# Work to complete
Lines to return, exactly: from the line with "院内ヒーリング パークへ散歩" to the line with "障害福祉サービスは、年齢に応" in the entries below, both included.

━━ Dataset records ━━

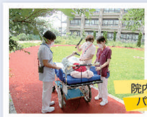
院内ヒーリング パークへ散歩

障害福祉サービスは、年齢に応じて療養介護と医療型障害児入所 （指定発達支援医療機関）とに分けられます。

━━━
━━ Dataset records ━━

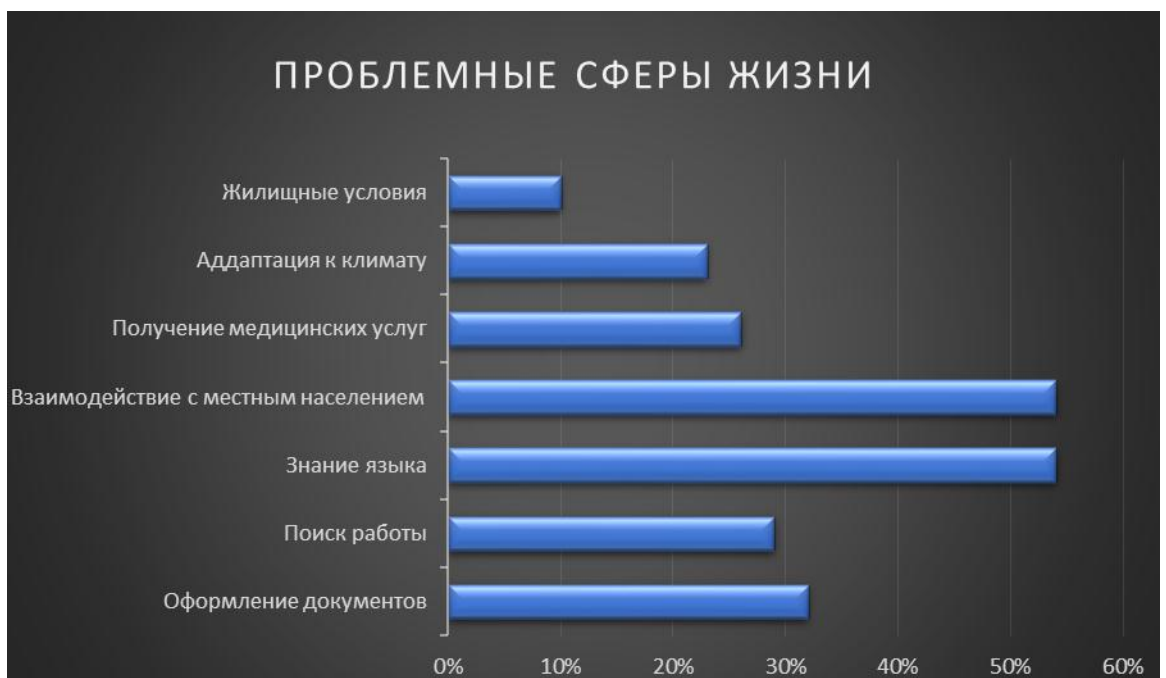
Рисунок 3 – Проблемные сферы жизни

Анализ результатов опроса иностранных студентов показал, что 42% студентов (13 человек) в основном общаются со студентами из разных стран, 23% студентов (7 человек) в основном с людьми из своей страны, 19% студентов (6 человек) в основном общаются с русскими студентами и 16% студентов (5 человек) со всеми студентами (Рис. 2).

━━━
━━ Dataset records ━━

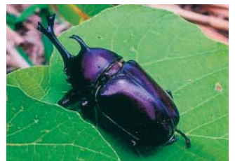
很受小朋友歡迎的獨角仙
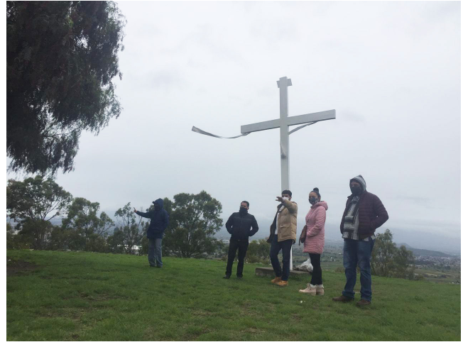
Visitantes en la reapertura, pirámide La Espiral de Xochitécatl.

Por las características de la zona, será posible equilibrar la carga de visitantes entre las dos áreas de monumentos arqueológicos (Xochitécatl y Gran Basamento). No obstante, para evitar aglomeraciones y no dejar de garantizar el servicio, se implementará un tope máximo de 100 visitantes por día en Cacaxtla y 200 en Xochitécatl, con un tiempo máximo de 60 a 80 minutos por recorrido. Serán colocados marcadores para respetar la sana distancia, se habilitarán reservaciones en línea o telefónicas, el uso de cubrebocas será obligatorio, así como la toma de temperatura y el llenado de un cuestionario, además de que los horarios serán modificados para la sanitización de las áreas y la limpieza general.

━━━

# Your response
院内ヒーリング パークへ散歩

障害福祉サービスは、年齢に応じて療養介護と医療型障害児入所 （指定発達支援医療機関）とに分けられます。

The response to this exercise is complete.